With the arrival of Raspberry Pi 5 it's a brave new world for my favourite little computer. The new shiny PCI-Express header allows super-duper-fast peripherals to bypass the bottleneck that is USB. An instant ask is for NVMe SSD drive support. One of the first to appear, pictured here, is the classic Argon ONE case updated for Raspberry Pi 5 and an NVMe M.2 to PCI-E adaptor built into the base.

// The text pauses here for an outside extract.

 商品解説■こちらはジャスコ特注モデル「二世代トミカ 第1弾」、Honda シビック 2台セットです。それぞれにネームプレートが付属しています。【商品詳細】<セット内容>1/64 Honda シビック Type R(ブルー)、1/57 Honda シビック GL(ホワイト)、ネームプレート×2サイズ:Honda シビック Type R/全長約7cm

I eagerly procured a 1TB NVMe SSD, popped open the bottom of the case, fitted the PCB, put everything back together again, made sure the ribbon cable was correctly connected to both the Pi and the drive, booted and ...nothing. The Raspberry Pi happily booted off the existing SD Card, but no sign of the NVMe drive in /dev
. Nada. Ziltch.
If you've found yourself in the same boat, here's the solution. The current stock bootloader does not support NVMe devices. The OS will simply ignore them. To get everything running:
- Open a command line terminal
- Run:
sudo raspi-config
- When the menu appears, select
Advanced Options
- Then
Bootloader Version
- Finally
Latest
to select the bootloader with NVMe support - Confirm with
Yes
- Press escape until you are asked if you want to reboot - you do
When the OS has rebooted:
- Open a terminal window
- Run:
blkid
- Look at the results - you should now see a
/dev/nvme*
device
You're now ready to partition and format the drive. Once it's ready for use, you can use raspi-config
again to set it to be the default boot drive and say goodbye to SD cards.